2. The method according to claim 1, wherein the temperature in step (1) and the deposition temperature in step (4) are both 50 ℃.

3. The method according to claim 2, wherein the collagen polypeptide solution is prepared by the method comprising: mixing collagen polypeptide and deionized water, swelling for 0.5 hr at room temperature, heating to 50 deg.C, stirring for 2 hr to dissolve collagen polypeptide completely; the pH was then adjusted to 10.00. + -. 0.02.

4. The preparation method according to claim 1, wherein in the step (2), after the titanium sheet is ground and polished by using metallographic abrasive paper, the titanium sheet is ultrasonically cleaned by deionized water, absolute ethyl alcohol and acetone for 15min in sequence, then dried by high-purity nitrogen and then dried in an oven at 60 ℃ for 12 h.

5. The method for preparing the alloy material according to claim 4, wherein the grinding and polishing method comprises the following steps: and (3) sequentially grinding and polishing by using metallographic abrasive paper according to the sequence of 800, 1500, 3000, 5000 and 7000 meshes.

6. The preparation method according to claim 4, wherein in the step (2), the mixed acid solution is 30% H in a volume ratio of 1:1 and the mass fraction is₂O₂And 98% H₂SO₄The solution was mixed and the treatment time was 1 hour.

7. The method according to claim 1, wherein in the step (3), the titanium sheet is treated in the PEI aqueous solution for 20 to 40 minutes.

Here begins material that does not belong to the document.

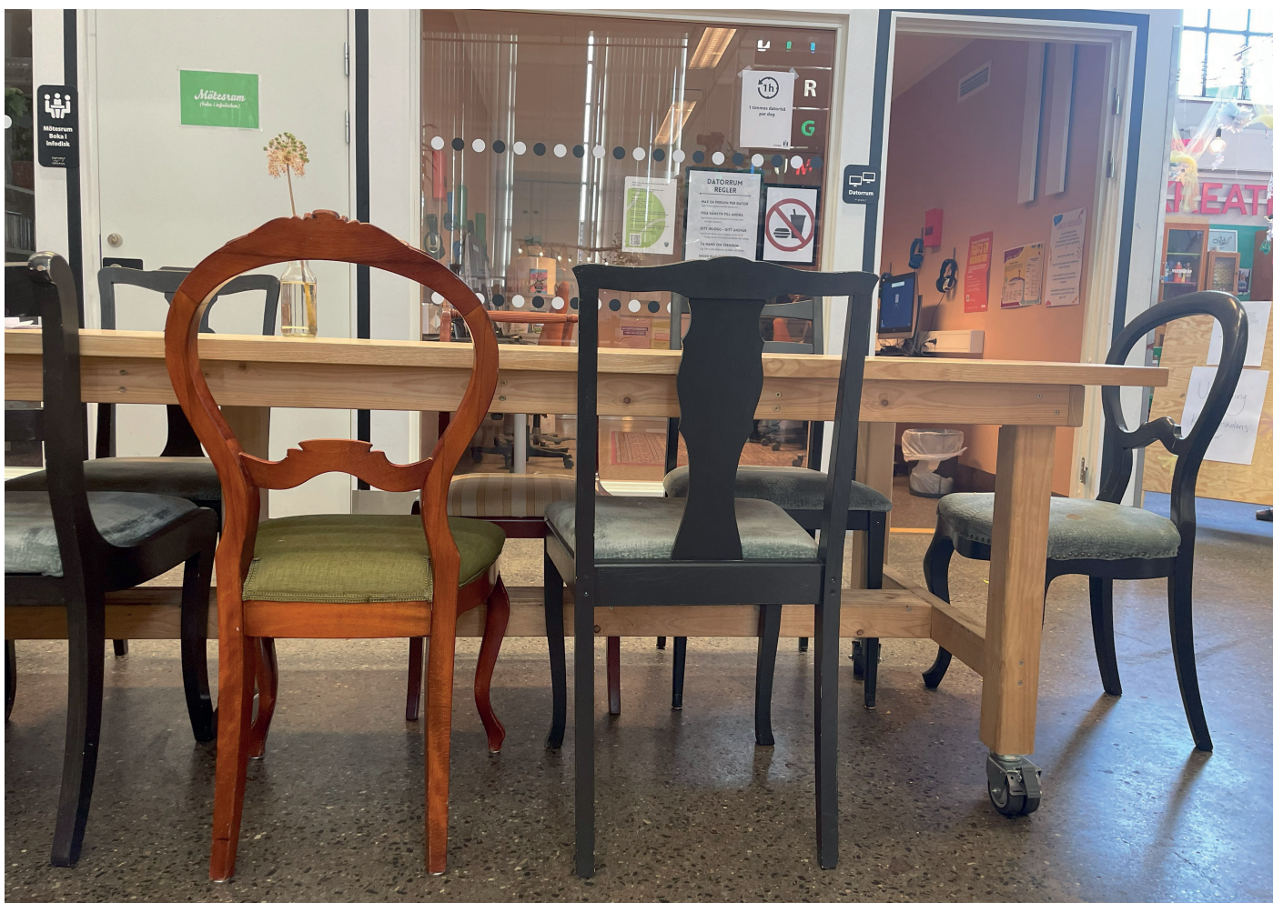
På Bibliotek Garaget i Malmö är många av möblerna återbruk och inköpta i andra hand istället för att köpa nytt.

8. The method according to claim 1, wherein the amino acid composition of the polypeptide is glycine (Gly): 7.30 +/-0.5%; valine (Vla): 17.48 plus or minus 0.5 percent; isoleucine (Ile): 36.97 +/-0.5%; leucine (Leu): 13.85 plus or minus 0.5 percent; tyrosine (Tyr): 2.68 plus or minus 0.5 percent; phenylalanine (Phe): 1.5 plus or minus 0.5 percent; lysine (Lys): 4.41 plus or minus 0.5 percent; histidine (His): 0.45 plus or minus 0.5 percent; arginine (Arg): 3.45 plus or minus 0.5 percent; proline (Pro): 5.96 plus or minus 0.5 percent; cysteine (Cys): 5.95 +/-0.5 percent.

9. The method according to claim 1, wherein the monolayer of the polypeptide is composed of densely packed nanoparticles having an average particle diameter of 30 ± 2 nm.

10. Use of the polypeptide monolayer prepared by the method of any one of claims 1 to 9 as a drug carrier in a cardiovascular stent.

11. The use of claim 10, wherein the drug carrier-loaded drug is an anti-vascular smooth muscle cell proliferation drug.

12. The use of claim 11, wherein the drug is rapamycin or everolimus.